WHAT NEEDS TO BE DONE ▸
Beginning with the line that holds "The machine uses" and finishing with the line that holds "Základní jízdní dokument", repeat the listing exactly, leaving every picture out.
= Beginning of Section =
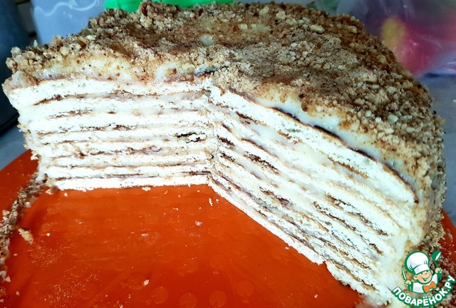 Каждый корж смазываем обильно кремом оставляем пропитываться на несколько часов (я делаю торт с вечера, за ночь он отлично пропитывается).
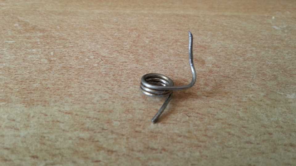 Так как заменить эту пружинку нечем, я попробовал распустить один виток и согнуть пружину как нужно, но из этого ничего хорошего не вышло.
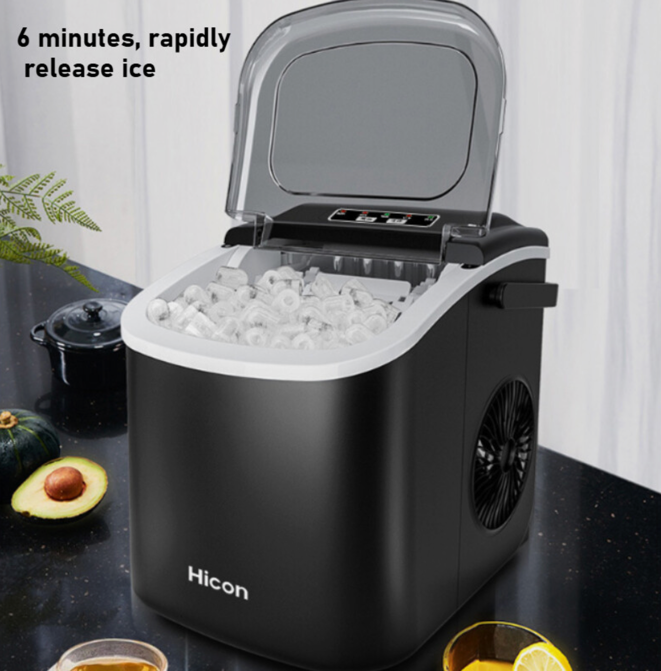 The machine uses a 105W motor to freeze water into bullet-shaped ice in just 6 minutes. Simply fill the tank, press start, and let it handle the rest—no plumbing required.
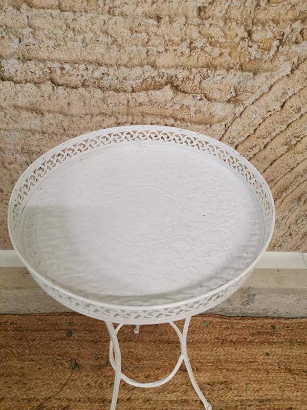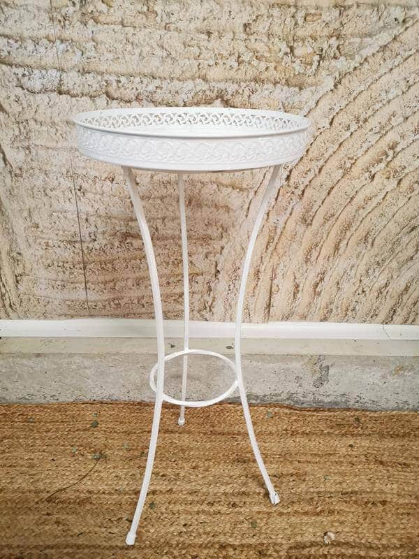 Pour mettre en hauteur et en valeur une composition florale optez pour cet élégant guéridon en fer forgé blanc.
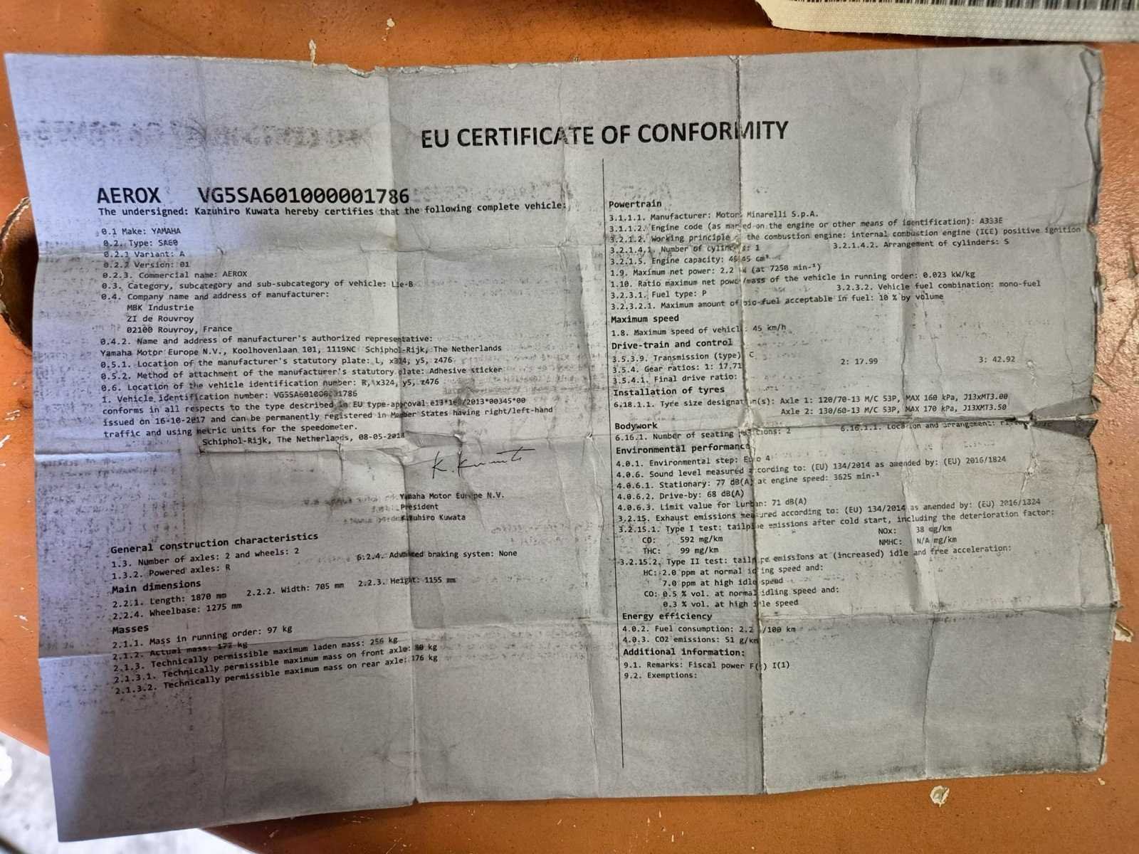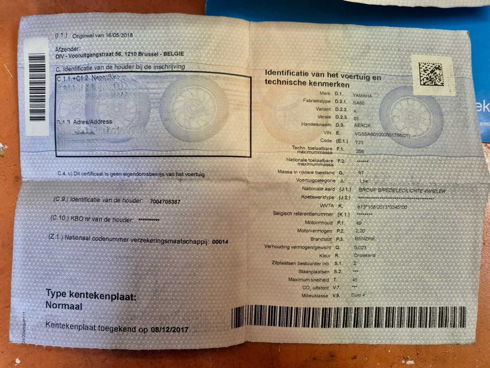 Start elektrisch en met kickstarter. Rijdt naar behoren! 49CC. No Merk: Yamaha Model: Airox 2-zit - 4 takt Brandstof: Benzine Chassisnummer: VG5SA601000001788 Cilinderinhoud: 49cc Datum eerste toelating: 2018 Afgelezen kilometerstand: 32987km Nationaliteit documenten: Belgisch Aantal sleutels: 2 Startinformatie: Start en rijd! Bouwjaar: 2018
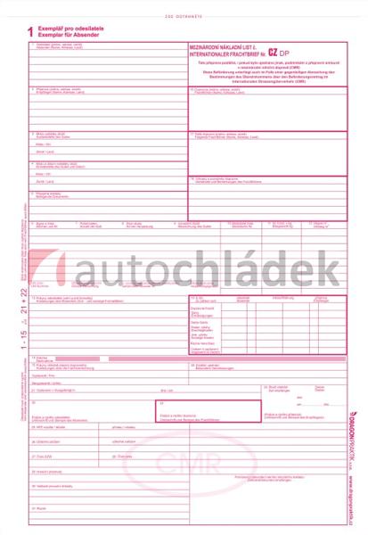 Základní jízdní dokument pro přepravu zboží v mezinárodní silniční dopravě. Jedná se o CMR bez potisku tzv. čistý CMR.
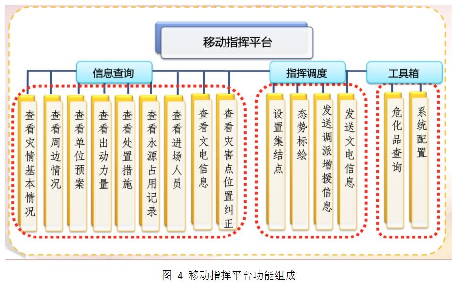 移動指揮平臺作為支隊及以上指揮員輔助指揮與決策的工具,主要包括信息查詢、指揮調度以及工具箱三部分功能。其中信息查詢主要包括查詢案件信息的相關功能,指揮調度主要包括發送指令的相關功能,工具箱包括危化品查詢和系統配置。移動指揮平臺的功能組成如下圖所示:
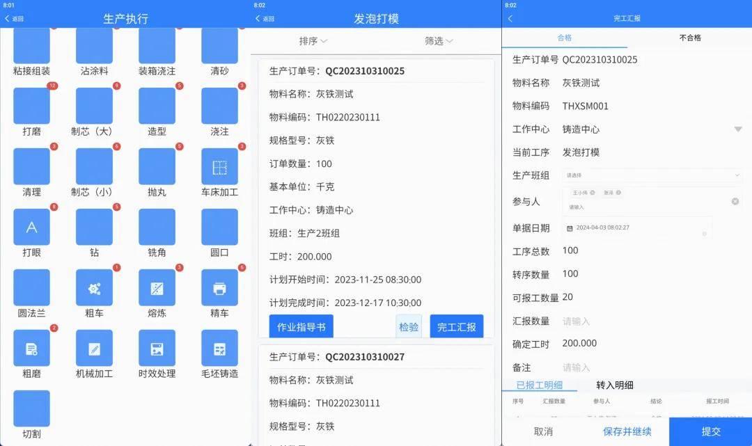 通过PDA或现场终端进行及时报工,系统实时汇总最新的报工数据,对计划执行情况进行实时跟踪、预警、报警,并与质检管理关联,保证过程质量严格受控;
= End of Section =
RESULT BELOW ▸
 The machine uses a 105W motor to freeze water into bullet-shaped ice in just 6 minutes. Simply fill the tank, press start, and let it handle the rest—no plumbing required.
 Pour mettre en hauteur et en valeur une composition florale optez pour cet élégant guéridon en fer forgé blanc.
 Start elektrisch en met kickstarter. Rijdt naar behoren! 49CC. No Merk: Yamaha Model: Airox 2-zit - 4 takt Brandstof: Benzine Chassisnummer: VG5SA601000001788 Cilinderinhoud: 49cc Datum eerste toelating: 2018 Afgelezen kilometerstand: 32987km Nationaliteit documenten: Belgisch Aantal sleutels: 2 Startinformatie: Start en rijd! Bouwjaar: 2018
 Základní jízdní dokument pro přepravu zboží v mezinárodní silniční dopravě. Jedná se o CMR bez potisku tzv. čistý CMR.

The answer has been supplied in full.